§ **WHAT IS BEING ASKED**
Among the lines below, output only those between the line holding "金融資產與無形資產測算過程見" and the line holding "[塗鴉系列-4號‧黃銅‧拉長石‧硫化處理‧開放戒圍戒指 Graffiti-no.4‧Oxidized Brass", inclusive, exactly as written and with no pictures.

Start of INFORMATION PROVIDED

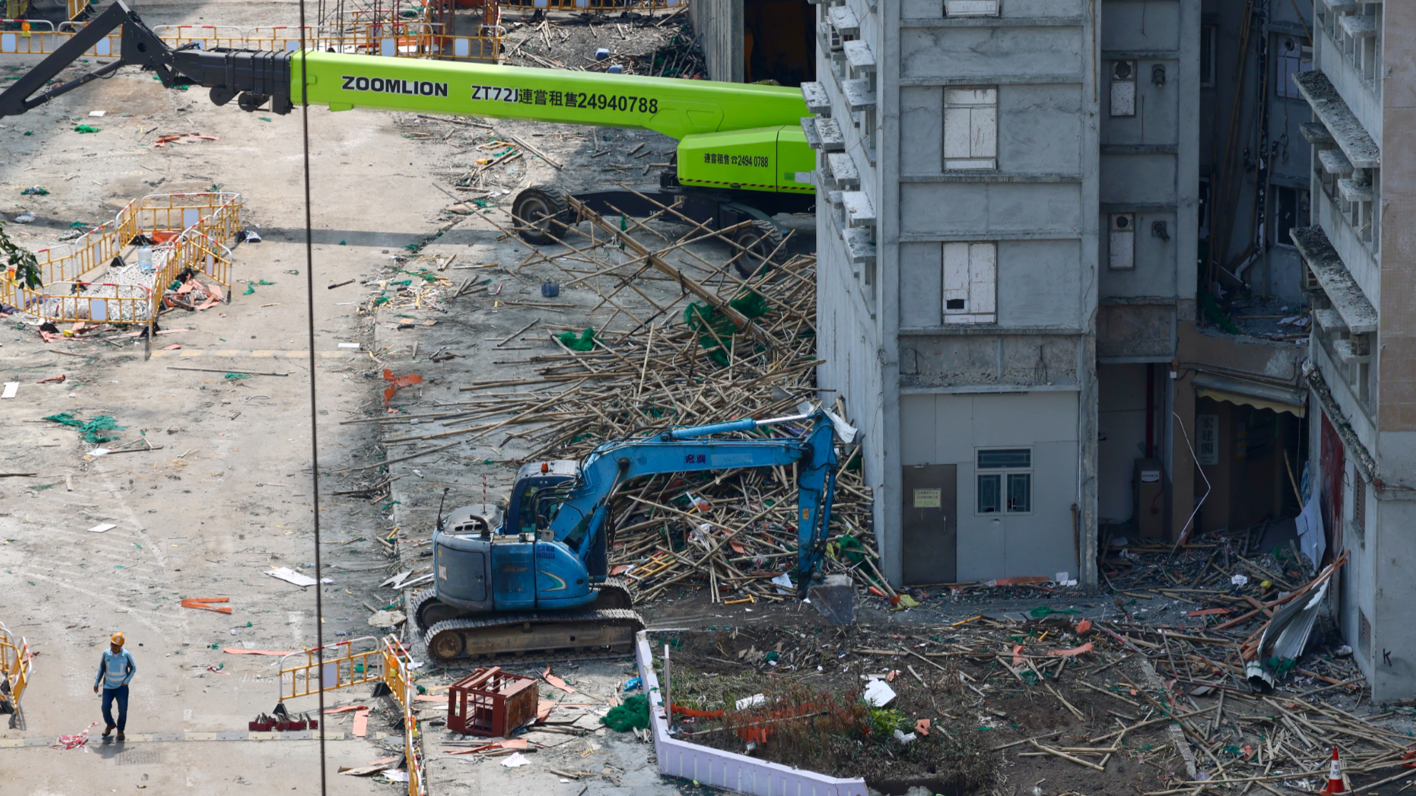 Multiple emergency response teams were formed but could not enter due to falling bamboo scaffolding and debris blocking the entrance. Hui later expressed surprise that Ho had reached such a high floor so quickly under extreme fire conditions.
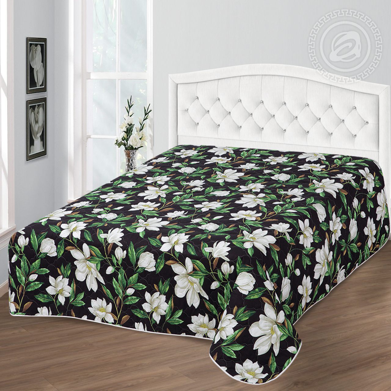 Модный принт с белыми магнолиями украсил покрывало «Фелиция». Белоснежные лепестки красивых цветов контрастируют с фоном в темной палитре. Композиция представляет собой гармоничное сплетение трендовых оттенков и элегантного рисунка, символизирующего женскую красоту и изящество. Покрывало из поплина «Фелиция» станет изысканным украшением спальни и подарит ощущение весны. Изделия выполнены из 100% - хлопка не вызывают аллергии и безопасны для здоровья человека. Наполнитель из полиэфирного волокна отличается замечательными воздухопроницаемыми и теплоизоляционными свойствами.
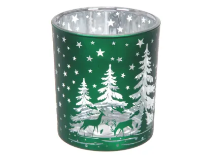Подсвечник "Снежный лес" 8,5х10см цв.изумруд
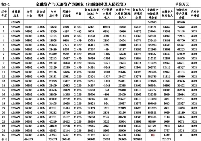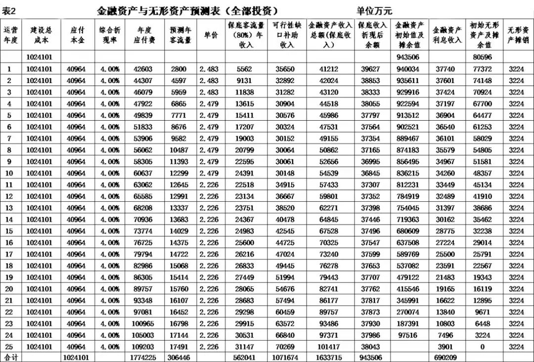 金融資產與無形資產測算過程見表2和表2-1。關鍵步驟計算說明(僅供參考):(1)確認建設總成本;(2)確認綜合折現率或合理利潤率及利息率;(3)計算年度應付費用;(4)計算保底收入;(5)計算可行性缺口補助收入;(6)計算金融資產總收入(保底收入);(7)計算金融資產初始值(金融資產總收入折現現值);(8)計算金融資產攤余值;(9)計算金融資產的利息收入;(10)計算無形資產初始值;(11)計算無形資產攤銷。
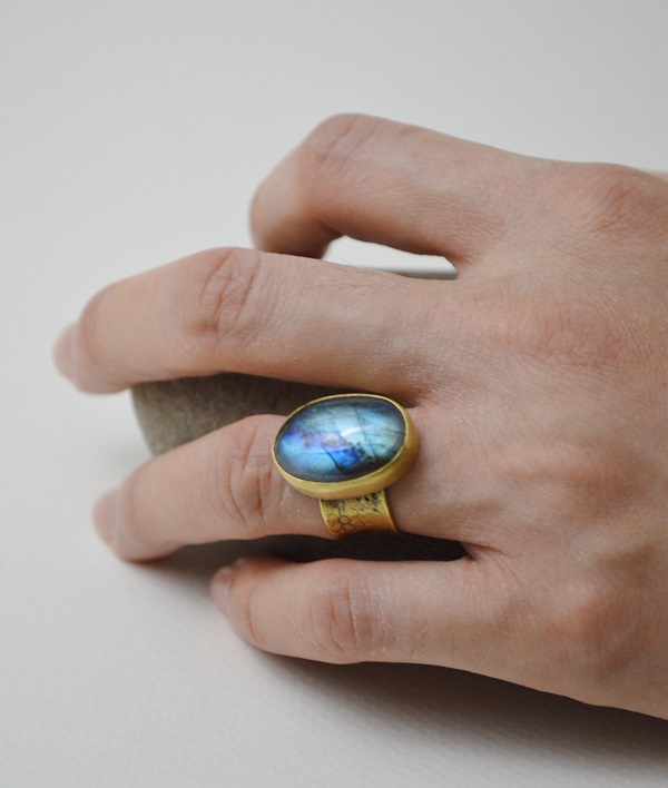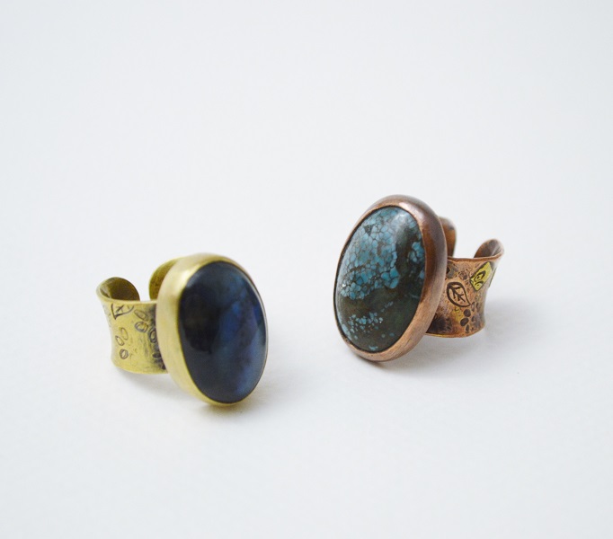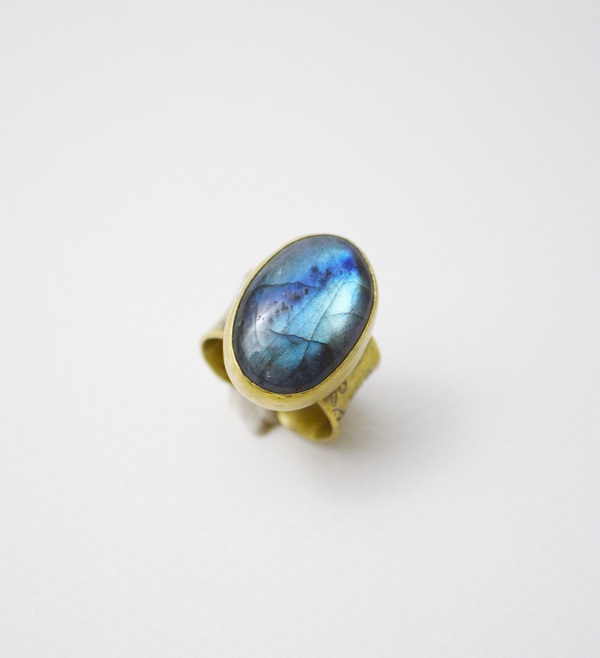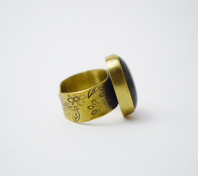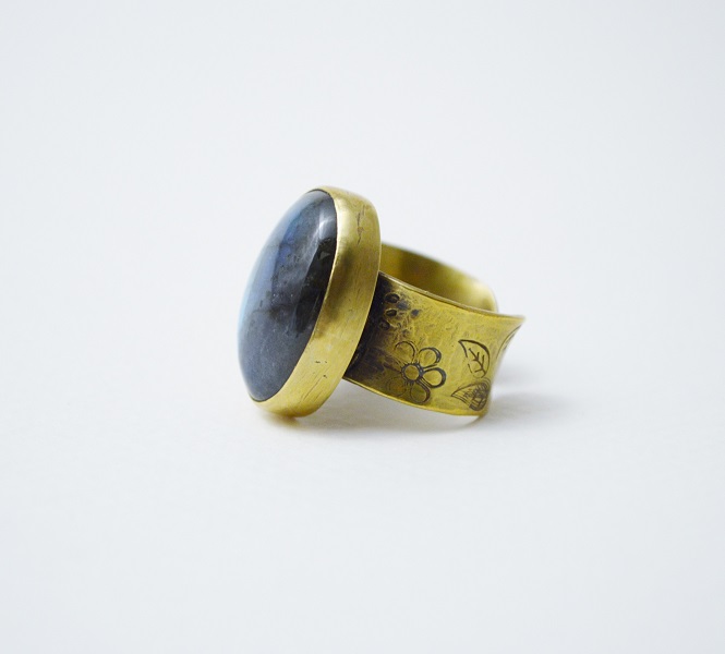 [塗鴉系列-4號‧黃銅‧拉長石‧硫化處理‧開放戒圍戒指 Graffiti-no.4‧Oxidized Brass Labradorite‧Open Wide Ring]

End of INFORMATION PROVIDED
Start of INFORMATION PROVIDED

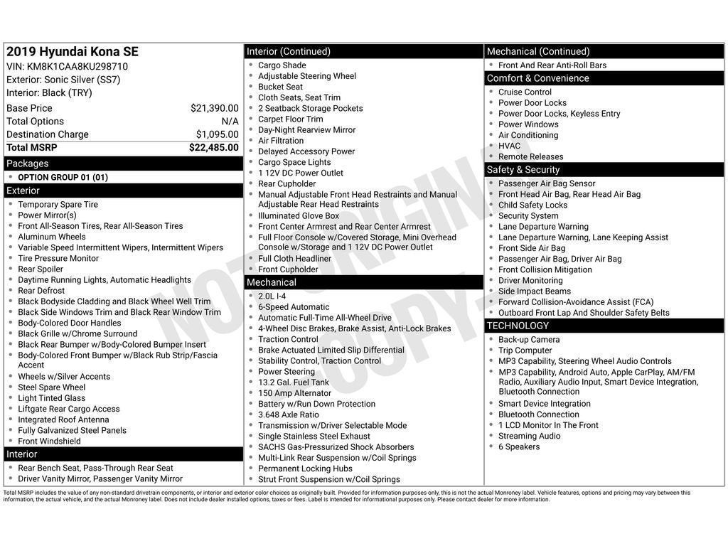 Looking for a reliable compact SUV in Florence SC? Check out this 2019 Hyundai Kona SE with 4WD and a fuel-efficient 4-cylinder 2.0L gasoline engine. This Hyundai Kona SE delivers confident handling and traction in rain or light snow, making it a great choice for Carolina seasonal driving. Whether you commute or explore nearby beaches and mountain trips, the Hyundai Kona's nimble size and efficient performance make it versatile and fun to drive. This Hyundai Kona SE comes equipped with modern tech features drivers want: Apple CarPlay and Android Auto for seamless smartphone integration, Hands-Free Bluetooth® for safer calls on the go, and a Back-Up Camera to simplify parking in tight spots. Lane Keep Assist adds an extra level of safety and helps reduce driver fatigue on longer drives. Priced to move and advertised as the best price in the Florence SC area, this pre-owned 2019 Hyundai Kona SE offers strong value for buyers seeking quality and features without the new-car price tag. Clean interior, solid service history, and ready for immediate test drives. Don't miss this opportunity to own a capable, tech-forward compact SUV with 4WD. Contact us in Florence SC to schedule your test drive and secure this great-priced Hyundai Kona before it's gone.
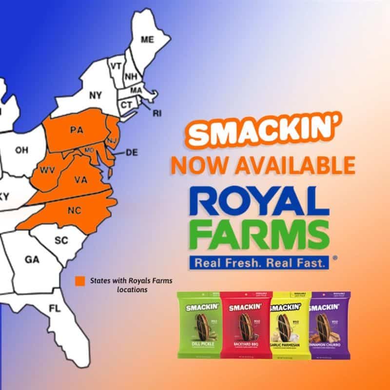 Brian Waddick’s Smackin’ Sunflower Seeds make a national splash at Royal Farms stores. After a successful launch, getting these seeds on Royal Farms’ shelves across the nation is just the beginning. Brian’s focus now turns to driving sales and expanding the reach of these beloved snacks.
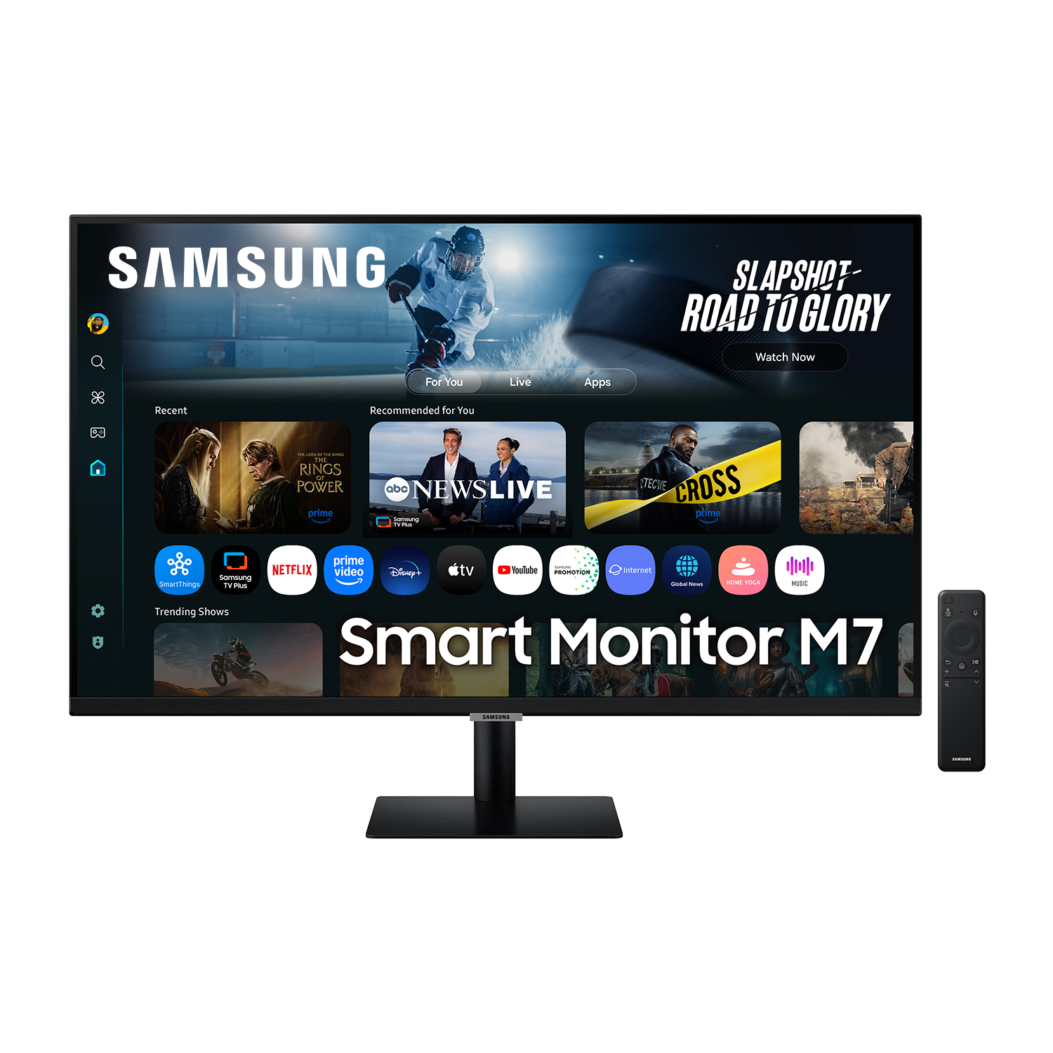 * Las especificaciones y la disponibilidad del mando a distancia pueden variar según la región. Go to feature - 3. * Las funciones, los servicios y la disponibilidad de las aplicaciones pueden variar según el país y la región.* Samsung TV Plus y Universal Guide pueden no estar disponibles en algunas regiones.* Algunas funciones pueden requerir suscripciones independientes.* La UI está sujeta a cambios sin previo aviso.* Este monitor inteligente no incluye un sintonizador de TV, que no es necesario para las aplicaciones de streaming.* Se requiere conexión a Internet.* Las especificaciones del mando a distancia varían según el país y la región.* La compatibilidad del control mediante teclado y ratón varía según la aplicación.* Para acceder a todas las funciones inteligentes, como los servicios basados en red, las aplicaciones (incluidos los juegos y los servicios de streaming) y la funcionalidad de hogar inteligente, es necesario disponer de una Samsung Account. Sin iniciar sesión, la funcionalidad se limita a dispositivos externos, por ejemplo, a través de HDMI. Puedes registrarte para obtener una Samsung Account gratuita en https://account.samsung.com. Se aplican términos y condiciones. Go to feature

End of INFORMATION PROVIDED

§ **SOLUTION TO THIS TASK**
 金融資產與無形資產測算過程見表2和表2-1。關鍵步驟計算說明(僅供參考):(1)確認建設總成本;(2)確認綜合折現率或合理利潤率及利息率;(3)計算年度應付費用;(4)計算保底收入;(5)計算可行性缺口補助收入;(6)計算金融資產總收入(保底收入);(7)計算金融資產初始值(金融資產總收入折現現值);(8)計算金融資產攤余值;(9)計算金融資產的利息收入;(10)計算無形資產初始值;(11)計算無形資產攤銷。
 [塗鴉系列-4號‧黃銅‧拉長石‧硫化處理‧開放戒圍戒指 Graffiti-no.4‧Oxidized Brass Labradorite‧Open Wide Ring]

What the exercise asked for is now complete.